Issue 054

September 2009

He is one of the most colorful and polarizing characters in the sport. He is one of a select few men who can claim to have witnessed the birth of MMA. He may no longer be the ‘world’s most dangerous man’, but the fire still burns within Ken Shamrock.  

When I first started out, it was really raw, there were no rules, no time limits. It was definitely straight out of a movie. I mean, people could have gotten killed, no doubt.”  

A Hollywood scriptwriter would have trouble coming up with a life story as interesting as that of Ken Shamrock’s. Picture the tale. A troubled youngster directs his energy into sports to channel his aggression. He is adopted by the man he calls father, a youth worker who runs a home for wayward boys. He enters the world of professional wrestling and is recruited by a team of Japanese shoot-fighters to become a star. He later returns to the USA where he competes in bare-knuckle ‘no holds barred’ tournaments, emerging as one of the world’s premier fighters. He becomes a household name, produces a team of warriors in his own image, and continues fighting well into his 40s.  

It sounds almost too crazy to be true, but that is Ken Shamrock’s life in a nutshell. “I tell you, it has been a very exciting and a very wonderful experience,” he says.  
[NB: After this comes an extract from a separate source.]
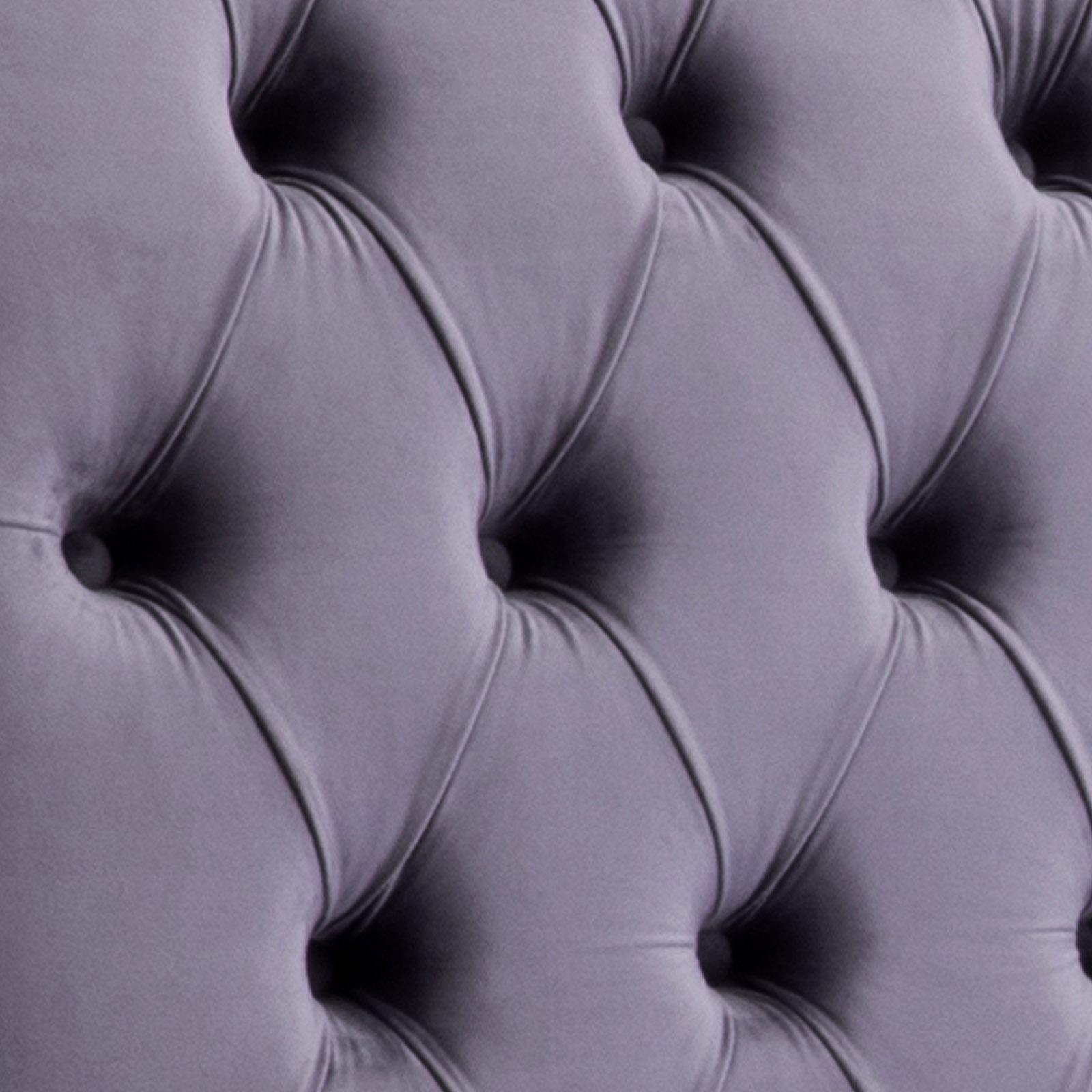 Queen Size Sleigh Bedframe Velvet Upholstery Grey Colour Tufted Headboard And Footboard Deep Quilting

Most MMA fans know Shamrock best as the former pro wrestler who feuded with Tito Ortiz across three fights and a series of The Ultimate Fighter, but this doesn’t begin to scratch the surface of Shamrock’s time in the sport.  
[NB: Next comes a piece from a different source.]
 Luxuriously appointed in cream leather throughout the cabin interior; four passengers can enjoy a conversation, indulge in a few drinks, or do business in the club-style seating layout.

In the early 1990s, Shamrock was invited to a pro-wrestling tryout in Florida. Originally, he wanted to partake in the rougher, more realistic Japanese leagues, but after he blasted through his sparring partners Shamrock was invited to Japan to train with some of the sport’s biggest names. “I had a pretty good wrestling background, I did some Tough Man contests. I was pretty much a tough guy my whole; life, fighting in the backyard, or in school. So, to me, it was just putting the wrestling and the punching together.”  

It was a different story once he got to Japan. “I went though this initiation where I ended up fighting for two hours, and I had a fresh guy every 30 minutes. I got the crap beat out of me. I got choked out, I got armbarred, I got leglocked, just time and time again – but the one thing that they liked about me was that I never quit.” Satisfied with his potential, they trained him in the art of catch wrestling, a form of submission grappling that predates Brazilian jiu-jitsu by many years.  

The submission holds he learned, particularly the leglock techniques, are what marked Shamrock out from the crowd at the inaugural UFC. Only Royce Gracie had comparable grappling ability, and it was the alien factor of the kimono Gracie wore that would decide the outcome of their first meeting. Gracie submitted Shamrock with a cloth-assisted choke in the semi-finals, but not before Shamrock had practically ripped Pat Smith’s leg off in the opening round. An inconclusive draw against Gracie two years later didn’t help matters, and although it’s been almost 16 years since that first meeting between the two, Shamrock would still rematch Gracie in a heartbeat. “I respect what he has done, he’s a great champion, he has done a lot of great things for the sport – him and myself were the guys that put MMA on the map, therefore I’ve got nothing bad to say about him, but I will stick to my guns. He won’t fight me, he will never fight me, he’ll say he can beat me, he’ll say that he will fight me, but when it comes down to it, 

he won’t.”  

Shamrock’s position in the ‘90s was as one of the sport’s leading figures. He traveled between America and Japan where he and his Lion’s Den fighters competed in events such as the UFC, Pancrase and Pride. Shamrock’s work in establishing the Lion’s Den earns him a spot in the history books as one of the first men to create a ‘super team’ in MMA. He subjected potential recruits to the same type of initiation as he underwent in Japan, and the fighters all lived in the same house.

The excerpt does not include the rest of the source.